Of course kernel also provides functions dma_sync_single_for_cpu and dma_sync_single_for_device, which can manipulate buffers when not released. It is clear that these 2 function implementations are sure to refresh the cache again to ensure data consistency.

Here, the 2 types of DMA mappings are analyzed, It is clear that the core difference between a consistency map and a streaming DMA mapping is whether the buffer page table mapping is cached, and the Uncached page table ensures that both the CPU and the peripherals can be accessed simultaneously.
But these are the interface functions that the kernel has encapsulated to drive developers, and driver developers do not need to be concerned with the cache, just call these interfaces in accordance with LDD3 rules.
This is why the cache operation is seldom seen in the driver, and the kernel code makes the cache operation opaque to the driver.
It reminds me of it. When developing a NIC driver, the allocation of the DMA descriptor is a consistency map because the DMA descriptor requires the CPU to operate concurrently with the device. and the data send and receive buffer allocation is streaming, with the allocation, after the release of the CPU can operate data!

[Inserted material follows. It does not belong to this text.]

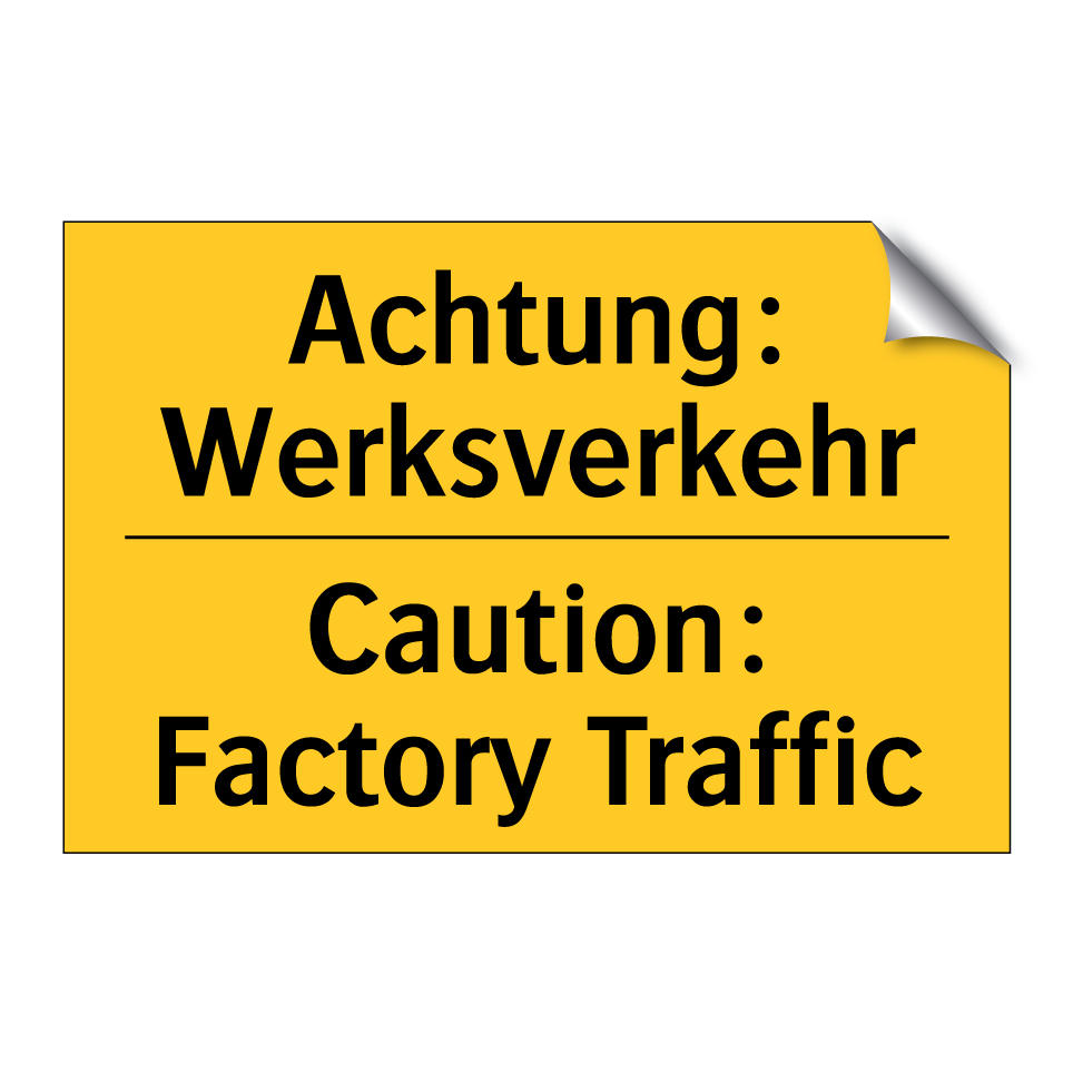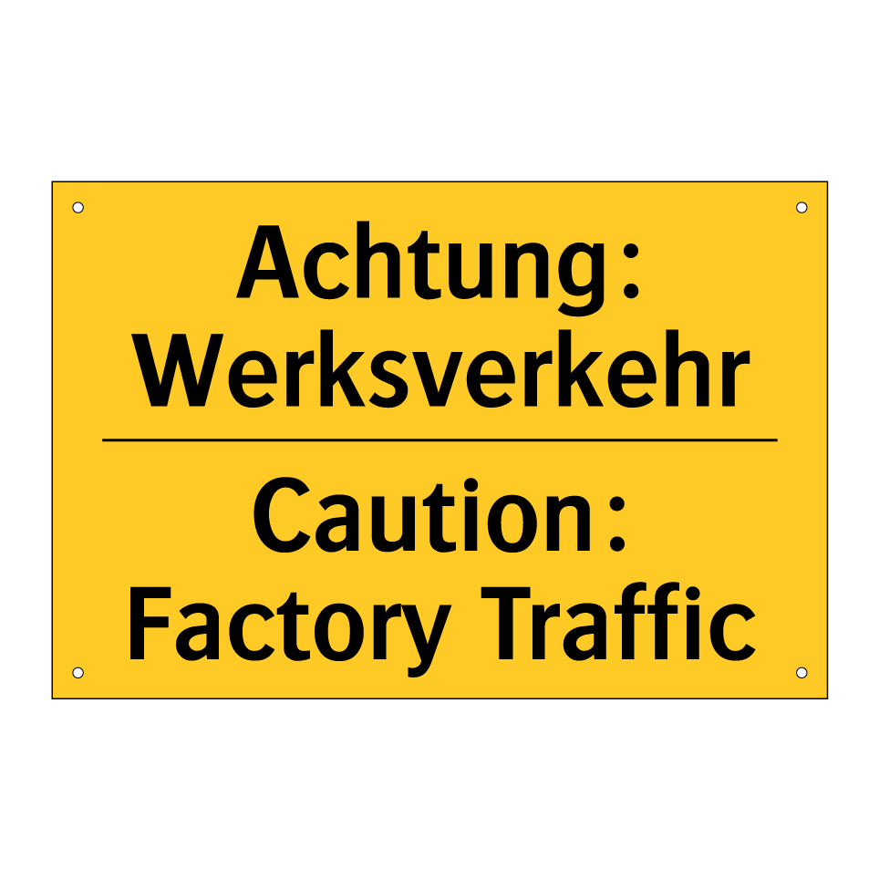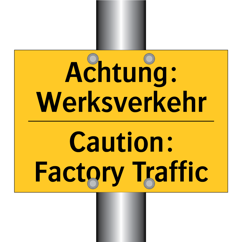 Zweisprachiges Warnschild mit deutschem Text Achtung: Werksverkehr und englischem Text Caution: Factory Traffic

so far, I have been exposed to the kernel TLB mapping, did the uncached mapping only 2: Register space (IOREMAP) and consistent DMA buffer (dma_alloc_coherent), the other address space is cached, to ensure system performance.

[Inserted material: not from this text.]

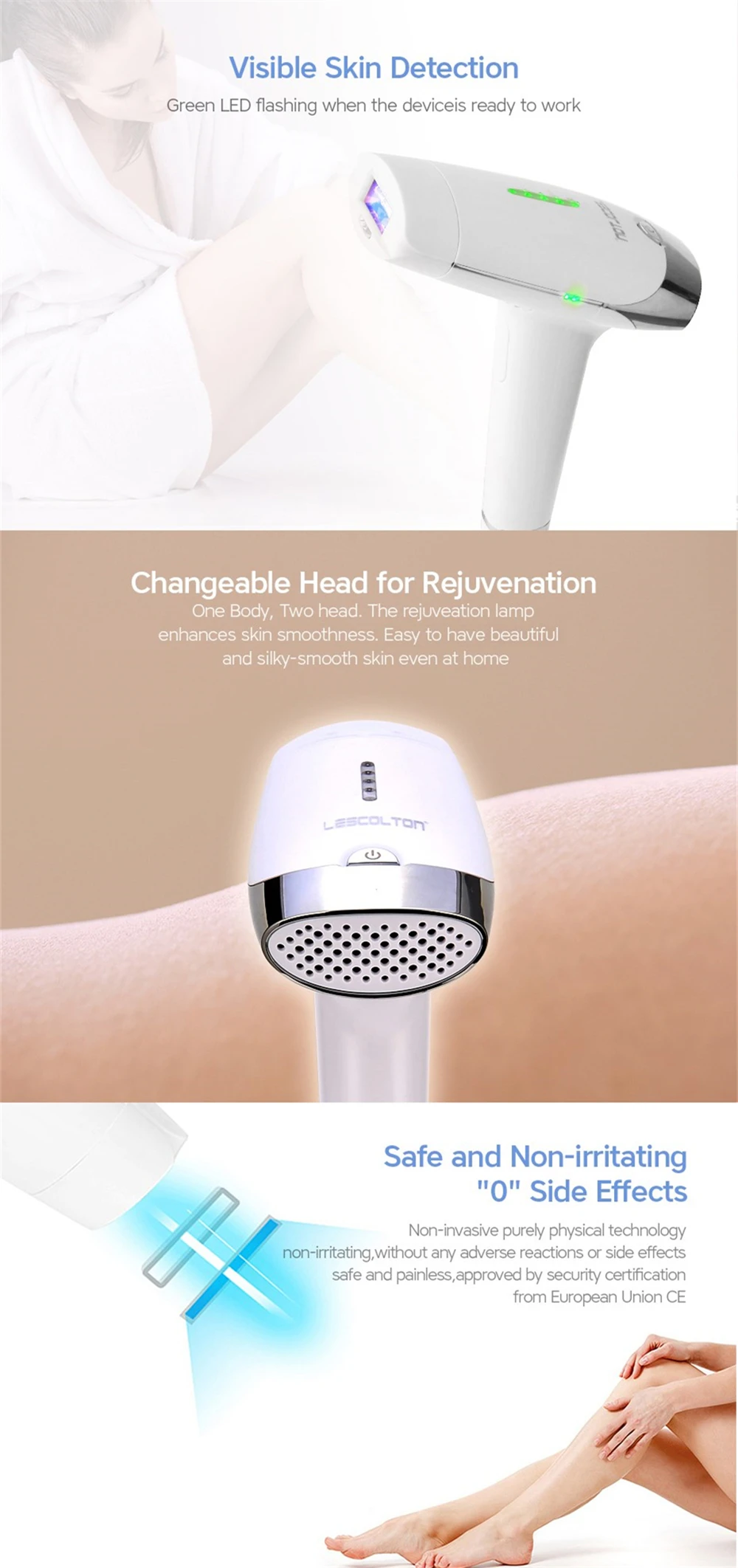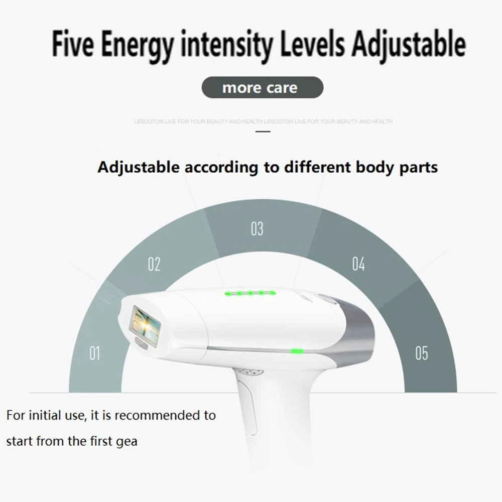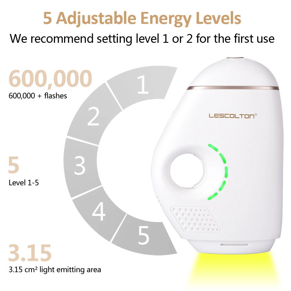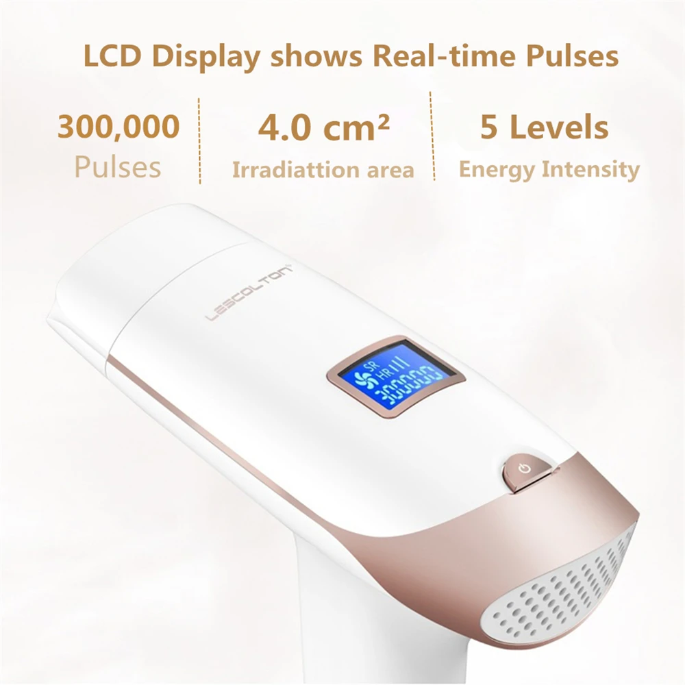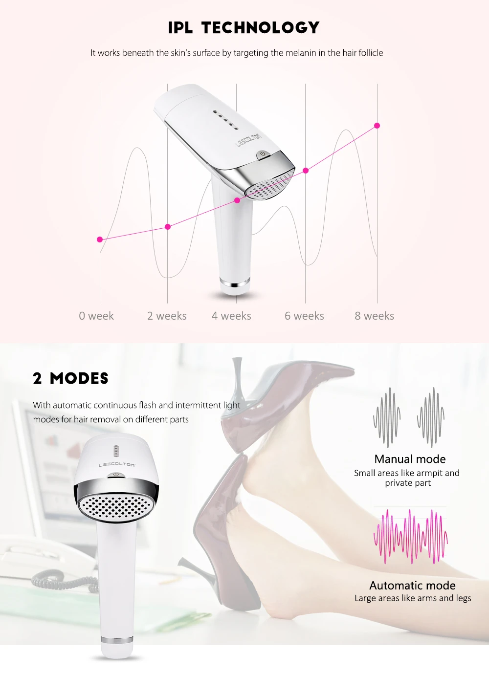 Thank you for choosing the Newest   Lescolton IPL Laser Hair Removal Machine Laser Epilator Hair Removal Permanent Bikini 5 levels Home Electric depilador a laser. Comparing with another popular models, this model uses the high level Quartz lamp for the hair removal so that have much more flash times

When the kernel operates the cache, the kernel code does not need to be concerned about the cache when operating the DMA buffer. This article analyzes this!


Copyright NOTICE: This article for Bo Master original article, without Bo Master permission not reproduced.

Kernel How to ensure cache data consistency

Contact Us

The content source of this page is from Internet, which doesn't represent Alibaba Cloud's opinion; products and services mentioned on that page don't have any relationship with Alibaba Cloud. If the content of the page makes you feel confusing, please write us an email, we will handle the problem within 5 days after receiving your email.

If you find any instances of plagiarism from the community, please send an email to: info-contact@alibabacloud.com and provide relevant evidence. A staff member will contact you within 5 working days.

A Free Trial That Lets You Build Big!

Start building with 50+ products and up to 12 months usage for Elastic Compute Service

  • Sales Support

    1 on 1 presale consultation

  • After-Sales Support

    24/7 Technical Support 6 Free Tickets per Quarter Faster Response

  • Alibaba Cloud offers highly flexible support services tailored to meet your exact needs.